In recent years, partisans on both sides have at times been seduced into the belief that political victory constitutes inflicting pain upon their opponents.

Trump’s opponents face the opposite temptation: to think that denigrating the president, his family, his supporters, or Americans “on the wrong side of history” offers much of a solution to the challenges we face. In prominent outlets, column after column consists of merely a catalogue of anti-Trump insults, as though just the right combination of references to Cheetos, McDonald’s, and comb-overs will cause Trump to resign, install Hillary Clinton in the White House, and initiate a universal brotherhood of mankind. Assailing the person of the president and the character of his supporters (as racist monsters who are the dying gasp of white supremacy) does little to address the real problems that helped make Donald Trump president in the first place. There’s also little evidence that trying to destroy Trump through insults is a very effective political strategy; so far, it’s proven more effective at dragging down President Trump’s opponents than the president himself. Moreover, the constant — albeit mannered — aggression of such relentless attacks can be normatively corrosive. Filigreed insults can do no less damage to worthy sentiments than the crudest bombast.

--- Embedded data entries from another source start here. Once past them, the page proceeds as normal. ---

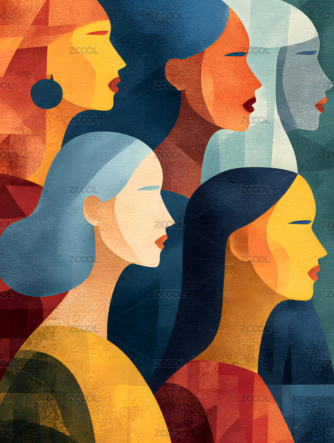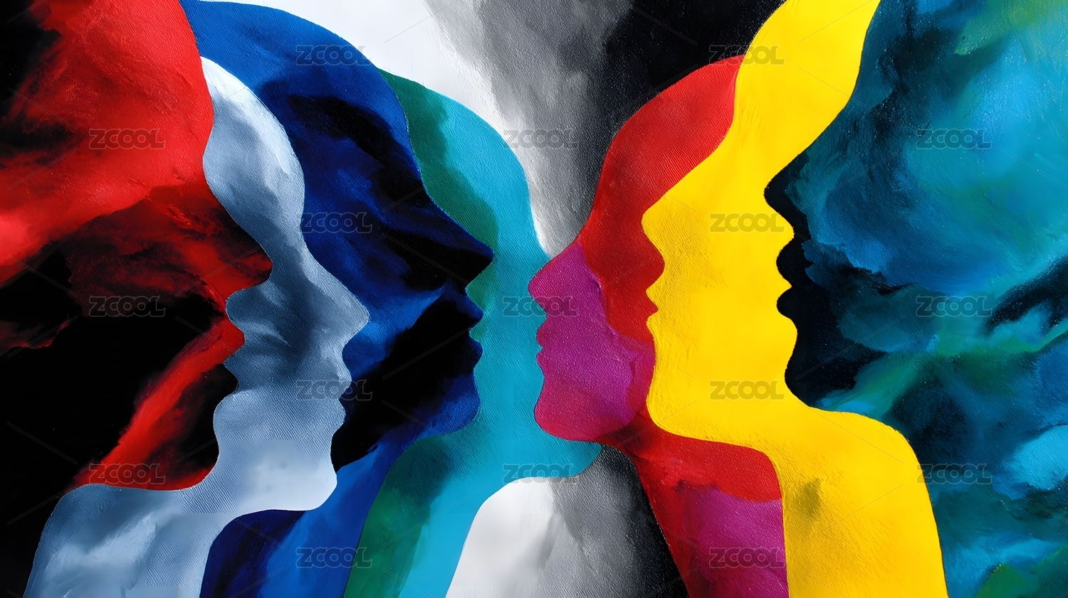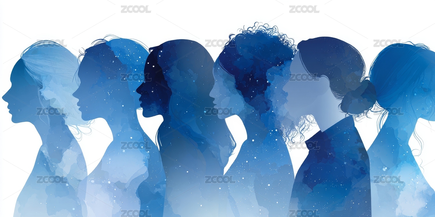 女性,剪影,侧脸,轮廓,多元,多彩,群像,抽象,艺术,花纹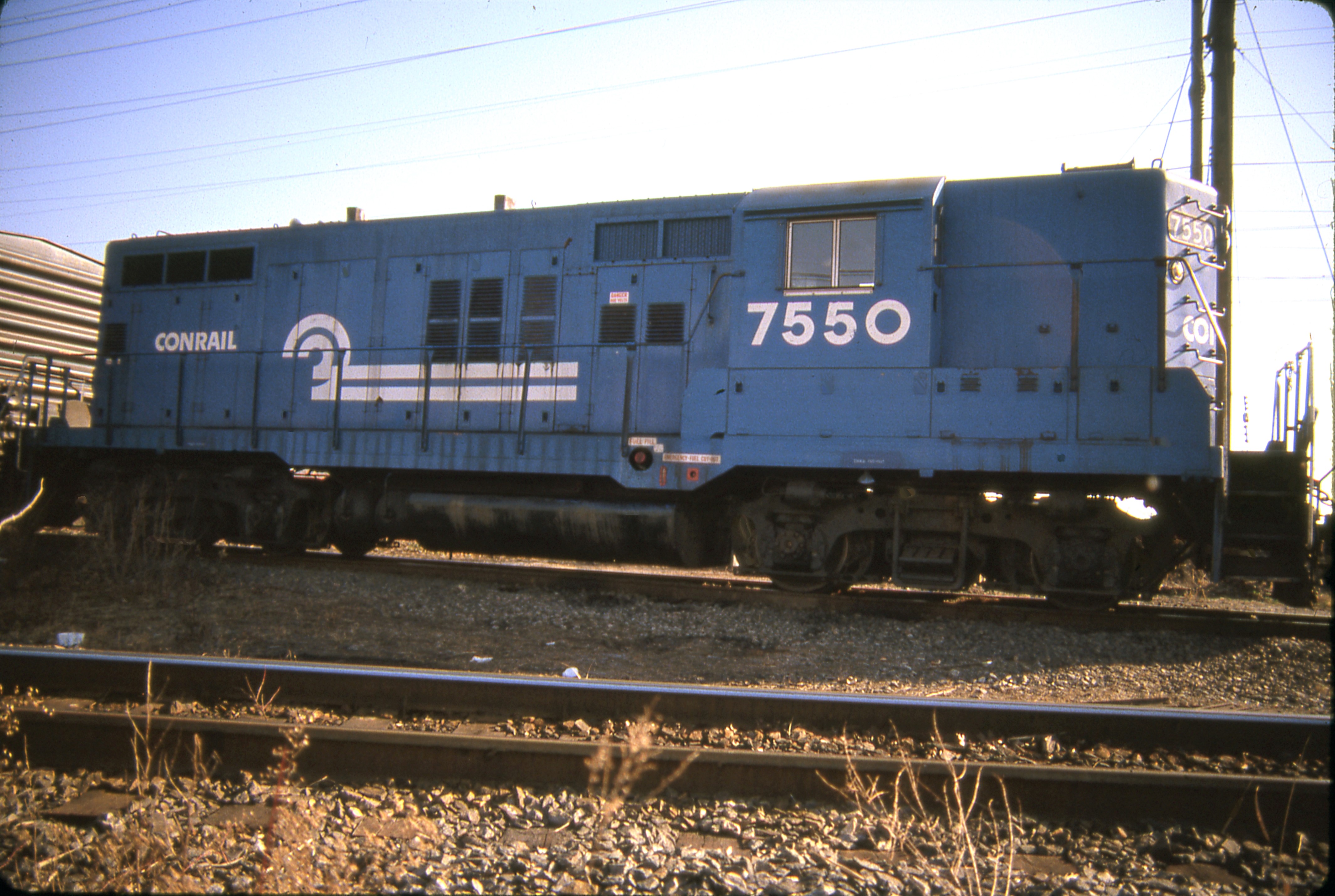 Ex NYC GP-9 # 6043 rebuilt into Conrail GP-10 #7550. North Brunswick County Yards secondary trackage.  January 5, 1986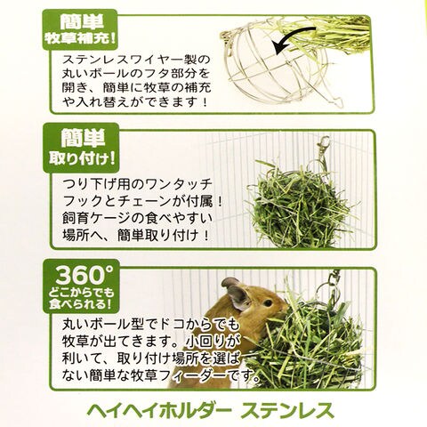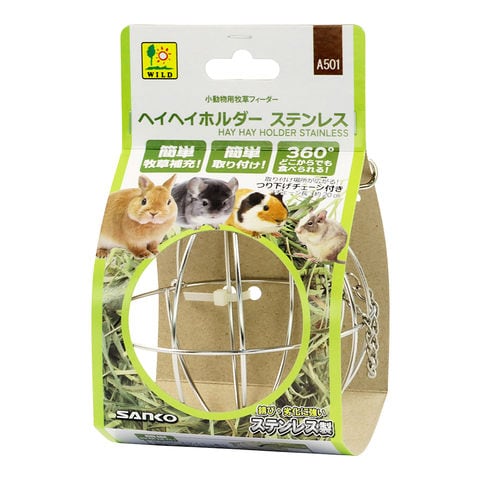 三晃商会 ヘイヘイホルダー ステンレス 4976285105012 牧草入れ 牧草 フィーダー ワンタッチ チモシー アルファルファ 食器 うさぎ チンチラ モルモット デグー 草食 ジリス ワイド 複数飼い 金網 ボール ボール型 吊り下げ つりさげ ぶらさげ 遊具 牧草フィーダー ステンレス製 小動物用品 皿 お皿 kak y26m02 20260212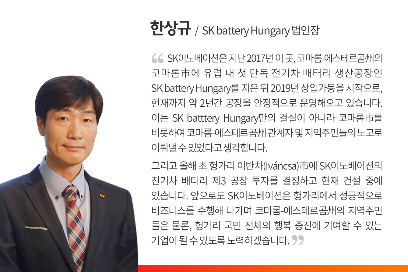 SK이노베이션 헝가리 법인(SK battery Hungary, 이하 SKBH)은 9월 10일(현지 시간), 지역사회에 기여한 공로를 인정받아 사업장이 위치한 코마롬-에스테르곰(Komárom-Esztergom)州로부터 ‘주 대표 대기업상’을 수상했다. 터터바녀(Tatabánya) 소재 코마롬-에스테르곰州 관청에서 열린 이날 행사에는 포포비츠 쥬르그(Popovics György) 코마롬-에스테르곰 주지사, 독토르 뷸내르 팔(Dr. Völner Pál) 법무부 차관, 독토르 컨츠 처버(Dr. Kancz Csaba) 헝가리 정부위원, SKBH 한상규 법인장 등 행사 관계자가 참석했다.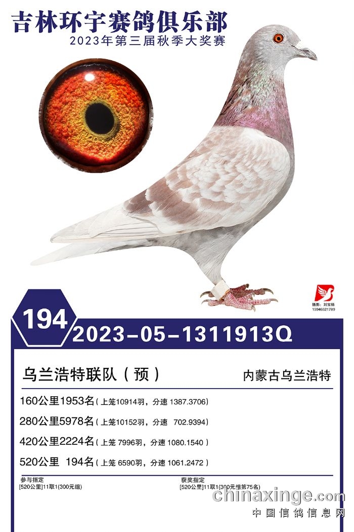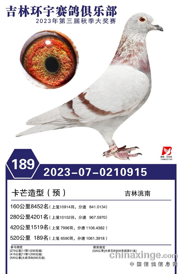 环宇公棚(大)420公里集鸽数据(按上笼顺序)

A sense of the inherent importance and value of each person — deferring the effort to conjure demons in order to anoint cardboard paladins — helps ensure that a quest for moral improvement does not merely become a shtick of moralistic denigration. Taylor notes that religious narratives of human dignity can offer a counterbalance to the temptation of moralizing vitriol, though it is possible to offer a secular account of human dignity as well.

In any case, sustaining such a narrative of human dignity could be a way of nurturing comity and sanity in our politics. Viciousness in the pursuit of virtue can very much be a vice, and acknowledging the inherent human value of even those who seem depraved can indeed be a virtue.